Valdes-Hernandez Pedro, Nodarse Chavier Laffitte, Peraza Julio, Cole James, Cruz-Almeida Yenisel
University of Florida.
Florida International University.
Res Sq. 2023 Aug 11:rs.3.rs-3229072. doi: 10.21203/rs.3.rs-3229072/v1.
The predicted brain age minus the chronological age ('brain-PAD') could become a clinical biomarker. However, most brain age methods were developed to use research-grade high-resolution T1-weighted MRIs, limiting their applicability to clinical-grade MRIs from multiple protocols. To overcome this, we adopted a double transfer learning approach to develop a brain age model agnostic to modality, resolution, or slice orientation. Using 6,224 clinical MRIs among 7 modalities, scanned from 1,540 patients using 8 scanners among 15 + facilities of the University of Florida's Health System, we retrained a convolutional neural network (CNN) to predict brain age from synthetic research-grade magnetization-prepared rapid gradient-echo MRIs (MPRAGEs) generated by a deep learning-trained 'super-resolution' method. We also modeled the "regression dilution bias", a typical overestimation of younger ages and underestimation of older ages, which correction is paramount for personalized brain age-based biomarkers. This bias was independent of modality or scanner and generalizable to new samples, allowing us to add a bias-correction layer to the CNN. The mean absolute error in test samples was 4.67-6.47 years across modalities, with similar accuracy between original MPRAGEs and their synthetic counterparts. Brain-PAD was also reliable across modalities. We demonstrate the feasibility of clinical-grade brain age predictions, contributing to personalized medicine.

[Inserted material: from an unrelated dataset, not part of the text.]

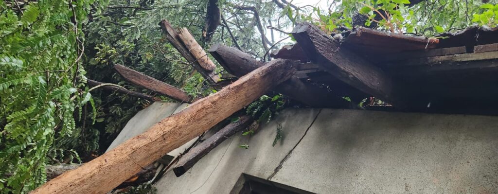 ವಿಪರೀತ ಗಾಳಿಗೆ ಏಕಾಏಕಿ ಮನೆಯ ಮೇಲೆ ಮರ ಬಿದ್ದಿದೆ.

预测的脑龄减去实际年龄(“脑龄预测年龄差”)可能会成为一种临床生物标志物。然而,大多数脑龄计算方法是为使用研究级高分辨率T1加权磁共振成像(MRI)而开发的,这限制了它们在多种协议下临床级MRI中的适用性。为了克服这一问题,我们采用了双重迁移学习方法来开发一种与模态、分辨率或切片方向无关的脑龄模型。我们使用了佛罗里达大学健康系统15多个机构中的8台扫描仪,对1540名患者进行扫描,获取了7种模态下的6224份临床MRI数据,通过深度学习训练的“超分辨率”方法生成合成研究级磁化准备快速梯度回波MRI(MPRAGE),对卷积神经网络(CNN)进行重新训练,以预测脑龄。我们还对“回归稀释偏差”进行了建模,这是一种典型的对年轻年龄的高估和对老年年龄的低估,对于基于个性化脑龄的生物标志物而言,纠正这种偏差至关重要。这种偏差与模态或扫描仪无关,并且可以推广到新样本,这使我们能够在CNN中添加一个偏差校正层。跨模态测试样本中的平均绝对误差为4.67 - 6.47岁,原始MPRAGE与其合成对应物之间的准确性相似。脑龄预测年龄差在各模态中也具有可靠性。我们证明了临床级脑龄预测的可行性,这有助于个性化医疗。